DATA SUPPLIED:
####################

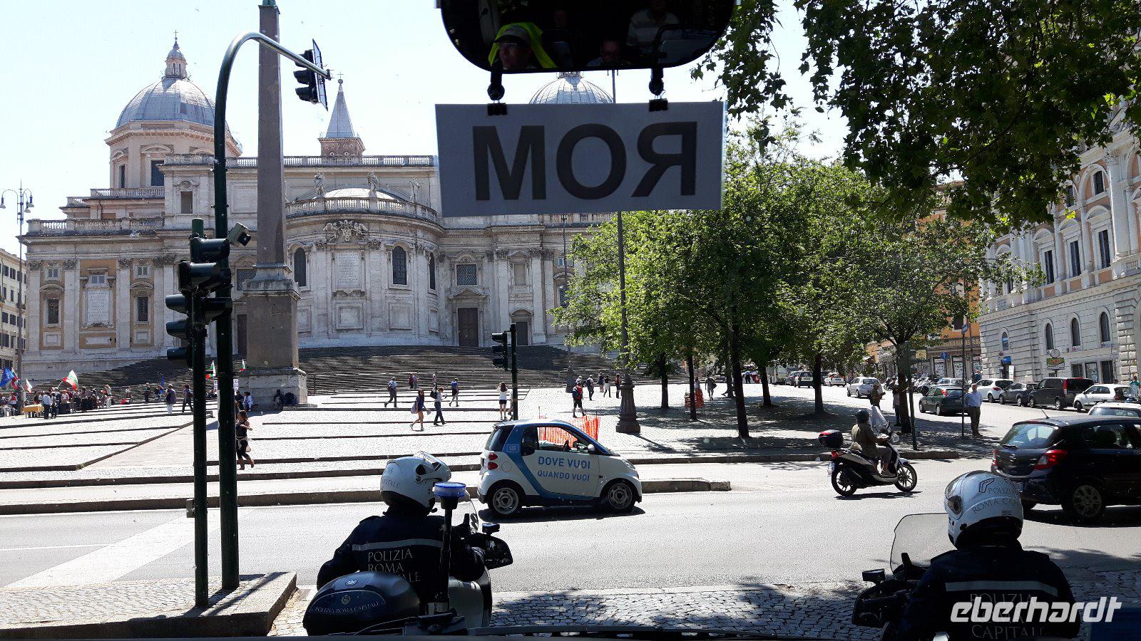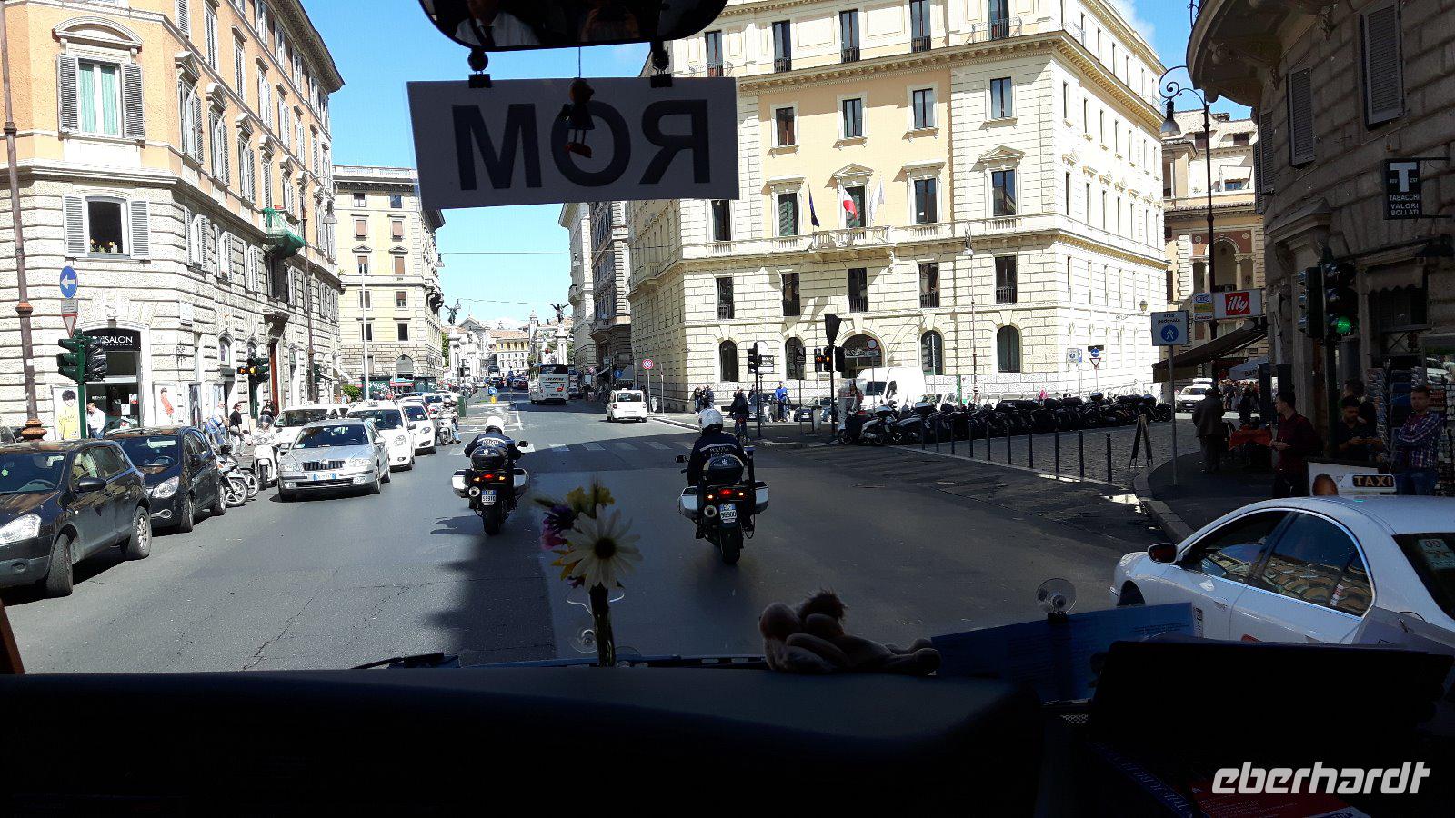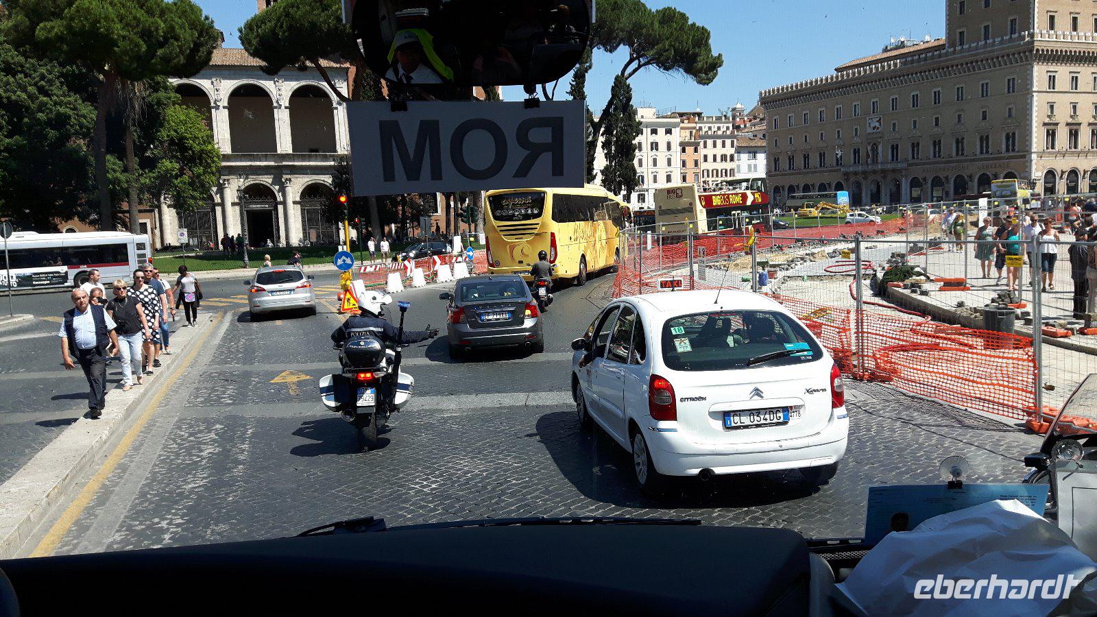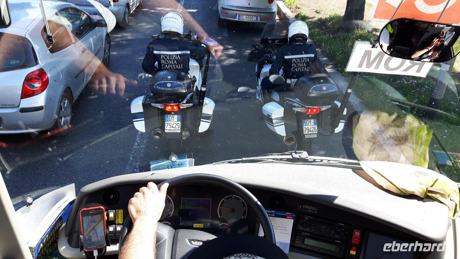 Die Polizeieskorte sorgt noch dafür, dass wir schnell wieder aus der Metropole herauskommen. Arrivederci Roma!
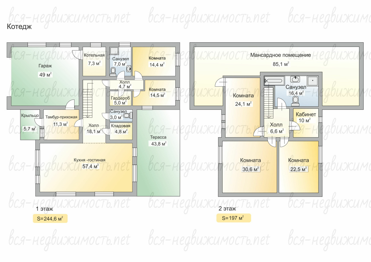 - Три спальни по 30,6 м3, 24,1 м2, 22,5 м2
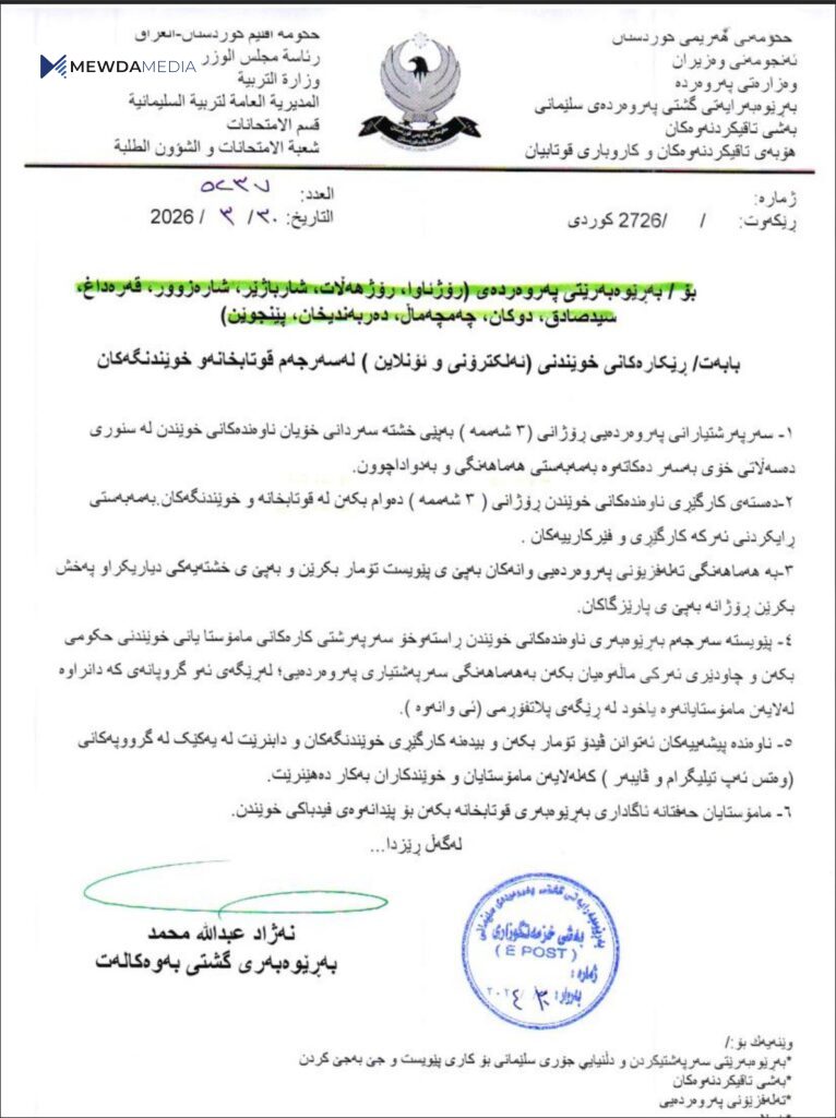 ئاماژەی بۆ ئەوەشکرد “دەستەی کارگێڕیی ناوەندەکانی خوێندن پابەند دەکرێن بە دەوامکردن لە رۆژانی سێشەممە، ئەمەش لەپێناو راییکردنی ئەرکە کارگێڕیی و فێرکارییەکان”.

####################

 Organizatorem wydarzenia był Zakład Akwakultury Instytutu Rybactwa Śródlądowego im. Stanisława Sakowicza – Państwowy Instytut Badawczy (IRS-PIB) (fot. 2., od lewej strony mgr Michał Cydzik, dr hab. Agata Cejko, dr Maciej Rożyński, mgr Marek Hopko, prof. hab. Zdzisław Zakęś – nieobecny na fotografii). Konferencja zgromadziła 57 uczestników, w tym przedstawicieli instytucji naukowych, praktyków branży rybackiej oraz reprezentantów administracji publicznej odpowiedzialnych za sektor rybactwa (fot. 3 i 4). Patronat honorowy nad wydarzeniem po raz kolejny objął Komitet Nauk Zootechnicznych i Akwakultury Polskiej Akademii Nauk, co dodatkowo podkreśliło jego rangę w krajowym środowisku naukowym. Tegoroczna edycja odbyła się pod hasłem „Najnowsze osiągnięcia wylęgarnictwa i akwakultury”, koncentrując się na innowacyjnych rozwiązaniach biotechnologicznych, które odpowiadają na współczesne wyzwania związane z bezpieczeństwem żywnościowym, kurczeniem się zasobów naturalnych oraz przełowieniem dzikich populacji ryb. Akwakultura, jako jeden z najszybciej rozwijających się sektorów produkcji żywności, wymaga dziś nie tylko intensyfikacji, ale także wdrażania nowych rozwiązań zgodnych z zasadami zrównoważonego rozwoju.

####################

TASK TO CARRY OUT: Using the listing above, repeat word for word each line from the one with "Die Polizeieskorte sorgt" down to the one with "ئاماژەی بۆ ئەوەشکرد", both included. Omit all pictures.

REPLY TO THE TASK:
 Die Polizeieskorte sorgt noch dafür, dass wir schnell wieder aus der Metropole herauskommen. Arrivederci Roma!
 - Три спальни по 30,6 м3, 24,1 м2, 22,5 м2
 ئاماژەی بۆ ئەوەشکرد “دەستەی کارگێڕیی ناوەندەکانی خوێندن پابەند دەکرێن بە دەوامکردن لە رۆژانی سێشەممە، ئەمەش لەپێناو راییکردنی ئەرکە کارگێڕیی و فێرکارییەکان”.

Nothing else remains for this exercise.